• [WORK TASK]:
Copy, word for word, the opening line of the data and each line after it until the line that contains "CoinShares断言,如", which is included. Leave the pictures out.

• [GIVEN INFORMATION]:
★ ★ ★ ★

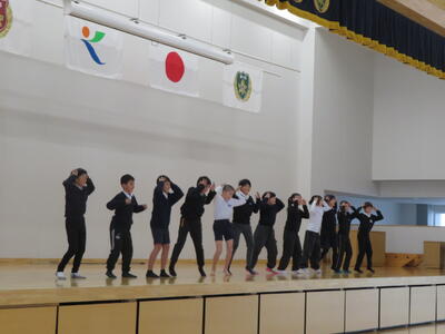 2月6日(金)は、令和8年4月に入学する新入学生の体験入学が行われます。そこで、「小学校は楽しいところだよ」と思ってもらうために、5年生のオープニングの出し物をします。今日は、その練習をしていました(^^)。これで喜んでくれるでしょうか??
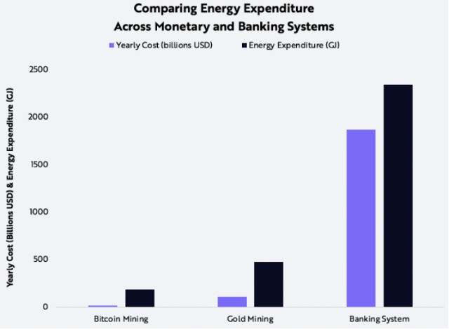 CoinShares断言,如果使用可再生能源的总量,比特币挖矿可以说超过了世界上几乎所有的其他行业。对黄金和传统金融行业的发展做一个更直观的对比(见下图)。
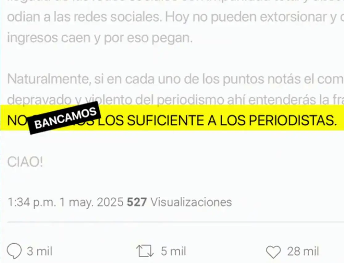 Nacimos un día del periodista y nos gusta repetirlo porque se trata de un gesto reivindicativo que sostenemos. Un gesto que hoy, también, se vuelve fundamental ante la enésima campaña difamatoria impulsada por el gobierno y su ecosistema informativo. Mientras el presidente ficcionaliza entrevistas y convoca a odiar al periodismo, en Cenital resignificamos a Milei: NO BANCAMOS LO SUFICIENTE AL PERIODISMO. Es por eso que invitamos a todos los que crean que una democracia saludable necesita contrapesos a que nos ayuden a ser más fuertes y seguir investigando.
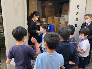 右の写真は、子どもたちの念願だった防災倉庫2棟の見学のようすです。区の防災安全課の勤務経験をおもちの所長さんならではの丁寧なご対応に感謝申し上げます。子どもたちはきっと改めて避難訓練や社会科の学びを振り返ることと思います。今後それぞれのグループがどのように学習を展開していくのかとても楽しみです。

★ ★ ★ ★

• [SOLVED EXERCISE]:
 2月6日(金)は、令和8年4月に入学する新入学生の体験入学が行われます。そこで、「小学校は楽しいところだよ」と思ってもらうために、5年生のオープニングの出し物をします。今日は、その練習をしていました(^^)。これで喜んでくれるでしょうか??
 CoinShares断言,如果使用可再生能源的总量,比特币挖矿可以说超过了世界上几乎所有的其他行业。对黄金和传统金融行业的发展做一个更直观的对比(见下图)。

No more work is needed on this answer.